Als Musiker war ich viel in der Welt unterwegs, immer auch auf der Suche nach interessanten Tönen und Klängen. Dabei habe ich eine merkwürdige Plattensammlung angehäuft, eine Menge Sprach‑, Werbe- und genrefreien Platten. Man muss sich klar machen, welchen Verlust wir mit dem Verschwinden der Vinyl-Kultur hinnehmen. Bei Bildern ist das anders, jedes Bild gehört – pathetisch gesprochen – irgendwie zum Weltkulturerbe. Aber Klänge sind einfach weg.
Als Vinylkünstler trete ich unter dem Namen „djkl & The Temporary Soundmuseum“ auf, zum Beispiel in der Wiener Kunsthalle. Für einen Abend zum Thema „Politik & Militär“ habe ich eine amerikanische Schallplatte aus dem Jahr 1959 rausgesucht: Was tun, wenn die Bombe fällt? Auf diesem Dokument erzählt jemand, was passiert, wenn eine Atombombe explodiert. Wie da über das Sterben von hunderttausenden Menschen gesprochen wird, das wäre im Fernsehen nicht möglich. Als Zuhörer kriegt man eine Gänsehaut, auch diesem Klang kann man sich emotional nicht entziehen.

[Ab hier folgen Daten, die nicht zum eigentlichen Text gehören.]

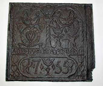 RARE CAST IRON STOVE PLATE DATED 1755, cast at Elizabeth Furnace, Elizabeth Twp., Lancaster Co., by Jacob Huber (d. 1767). 25.5” L x 24” H. It is the right side panel of a 5-plate stove, three columns and two arches, enclose tulips, a heart, a circle, a sheaf of wheat, stars, etc. Below that is the inscription “JACOB HUBER 1ST DER ERST DE” (utscher) or, “Jacob Huber is the first German who can make iron.” It is the same as plate # 158 in Mercer’s Bible in Iron. It is also the same style as the stove that once stood here in the Hess Homestead. I found numerous pieces of the side plate in the junk pile below the garden shed in 1985. Huber was the inn keeper at the tavern on Newport Rd. north of Lititz. That farm was purchased in 1850 by my g-g-great grandfather Christian Snyder (1809-1868). This plate is the first Huber plate that I’ve ever seen for sale. About 20 years ago, Greg Kramer of Cleona bought the same one that appears in Mercer’s Book #159. He sold it to Randy Huber, whom I met a dozen years later. He subsequently brought this plate to Lititz to show me. I bought it on August 25, 2001 at the York Towne Auction, lot #514, at the York Fairgrounds. [1926]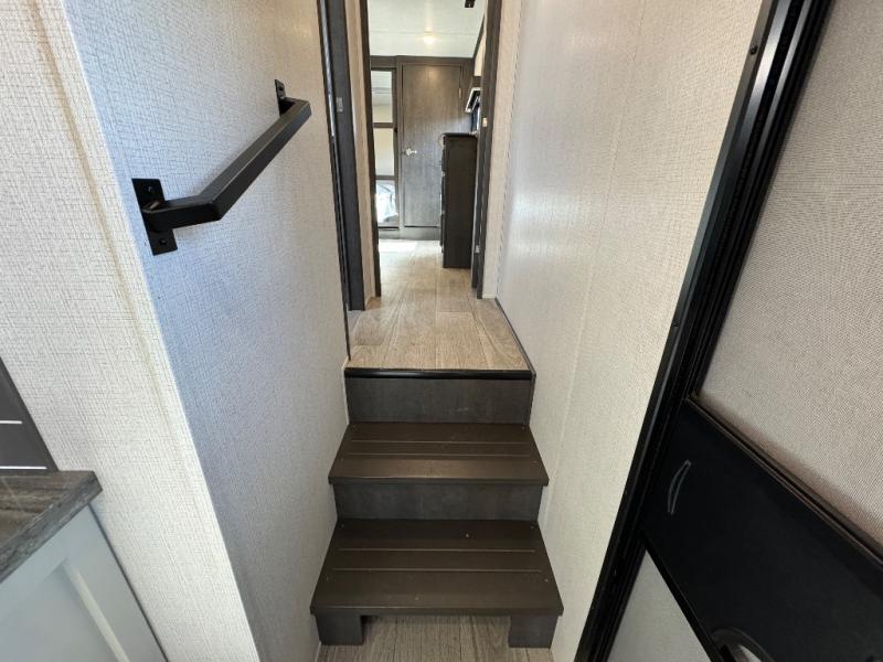 Spend more time having fun and less time worrying about your RV with the Keystone Cougar fifth wheel! These units have all that you will need for excellent vacations. The interior comes with 5/8" one-piece DynaSpan® flooring, tall slide outs for added comfort and head room, night roller shades throughout, and residential, raised-panel hardwood cabinet doors and drawers. You will also enjoy decorative crown molding, a 5,500 BTU electric fireplace with thermostat control and remote, and a Max Air exhaust fan with rain sensor. The exterior is also fully outfitted with a convenience center, friction-hinge entry door, electric four-point auto leveling system, and Lippert SolidStep® on the main entry. There is a full pass-through storage with slam-latch baggage doors, an industry-best 80-gallon fresh tank capacity, a 2" accessory hitch with 300-LB storage capacity, and an outside shower.
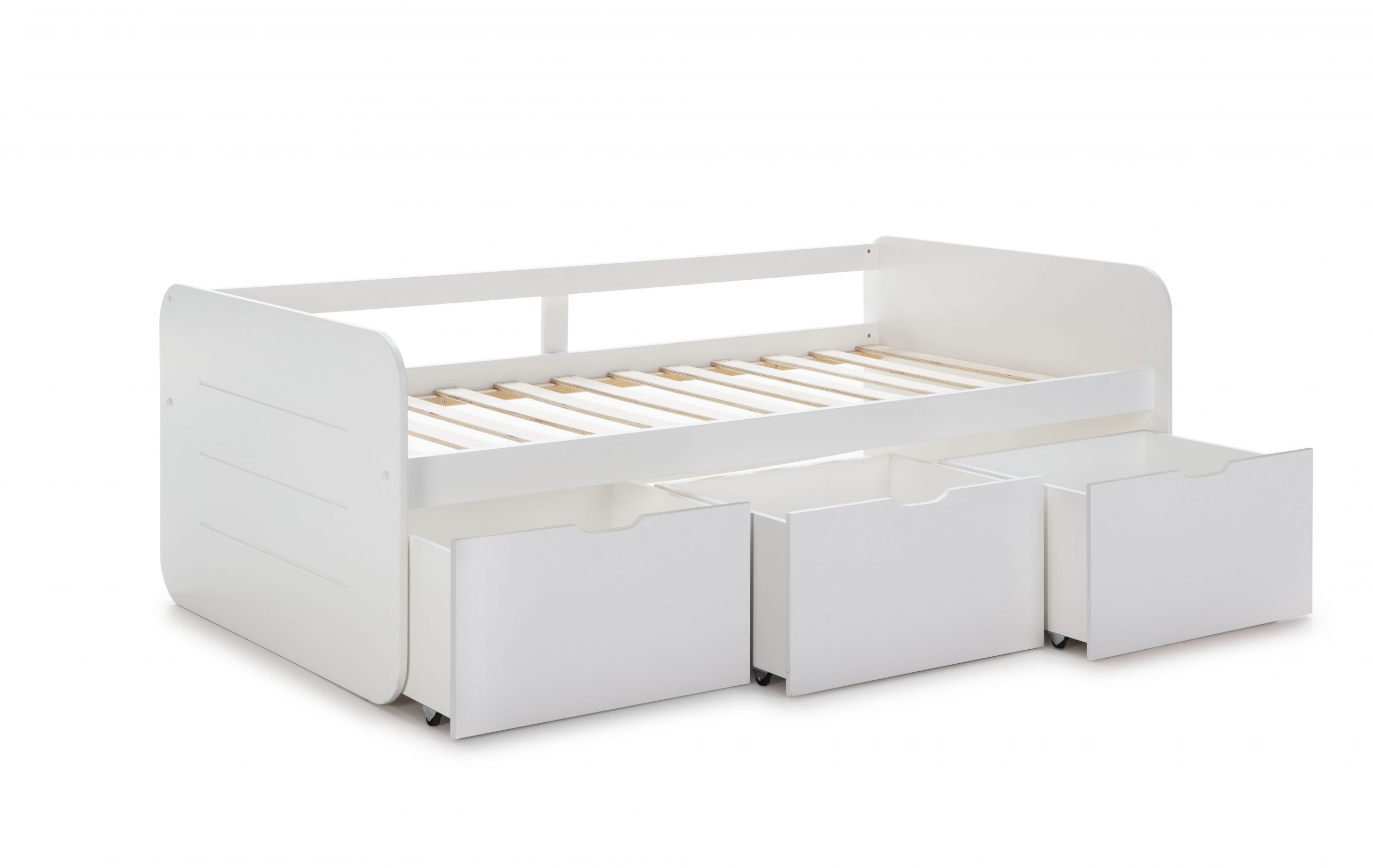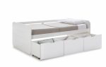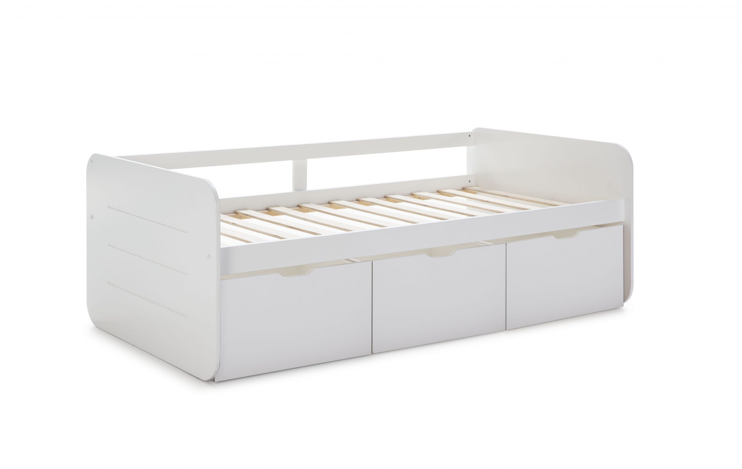 Esta práctica cama infantil con cajones inferiores es la solución perfecta para aprovechar el espacio en dormitorios pequeños. Fabricada en DM lacado en blanco, ofrece un diseño limpio, moderno y muy funcional, ideal para crear un ambiente calmado y ordenado.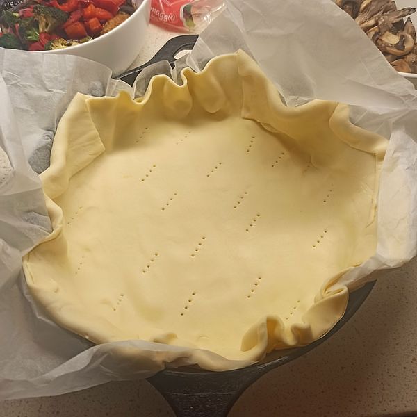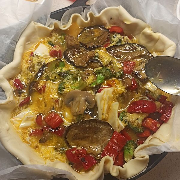 Pour the egg mixture over the pastry, using a spoon to gently adjust the vegetables so the eggs spread evenly across the base.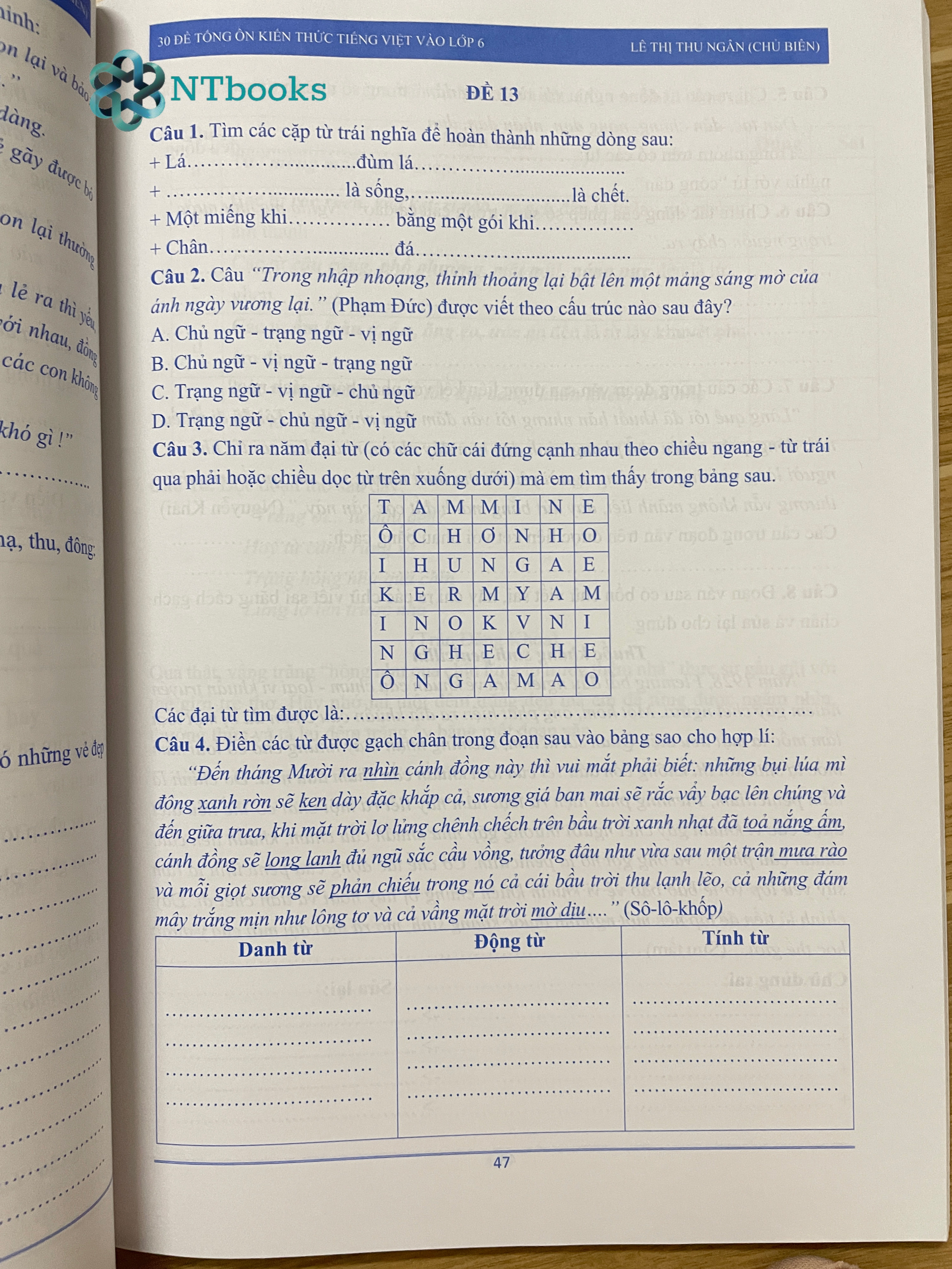 Phần 1. 30 Đề tổng ôn kiến thức tiếng Việt vào lớp 6

Wien ist gut zu mir. Ich habe hier eine Art öffentliches Wohnzimmer gefunden, wo ich viel Zeit verbringe – das phil in der Gumpendorferstraße. Da bin ich von Büchern und Platten umgeben und fühle mich wohl. Ursprünglich bin ich als artist-in-residence ins Museumsquartier gekommen. Seither treffe ich mit meiner Arbeit als Klangkünstler hier auf eine Offenheit, die in München kaum vorstellbar ist. Über die „Jeunesse“ biete ich an Schulen workshops an, die Jugendlichen ein Gefühl für ihre Ohren vermitteln sollen. Da entstehen Hörspiele wie „Das klingende Klassenzimmer“. In München wäre das undenkbar, es gibt dort keine solche Organisation.
Aufgewachsen bin ich in einer funktionierenden Multikulti-Gesellschaft, in München-Ludwigsfeld. Dieser abgelegenste Stadtteil wurde als Pilotsiedlung für heimatlose Ausländer aus dem Osten angelegt. Ich bin halb Este, halb Lette, ein klassisches Flüchtlingskind. Wir spielten auf einem betonierten Rollschuhfeld, das einst Fundament einer Küche des KZ-Außenlager Dachau war. Jedes Kind war mindestens zweisprachig. Wir waren Mongolen, Kalmüken, Tschechen oder sonst was. Aber wir teilten ein Schicksal.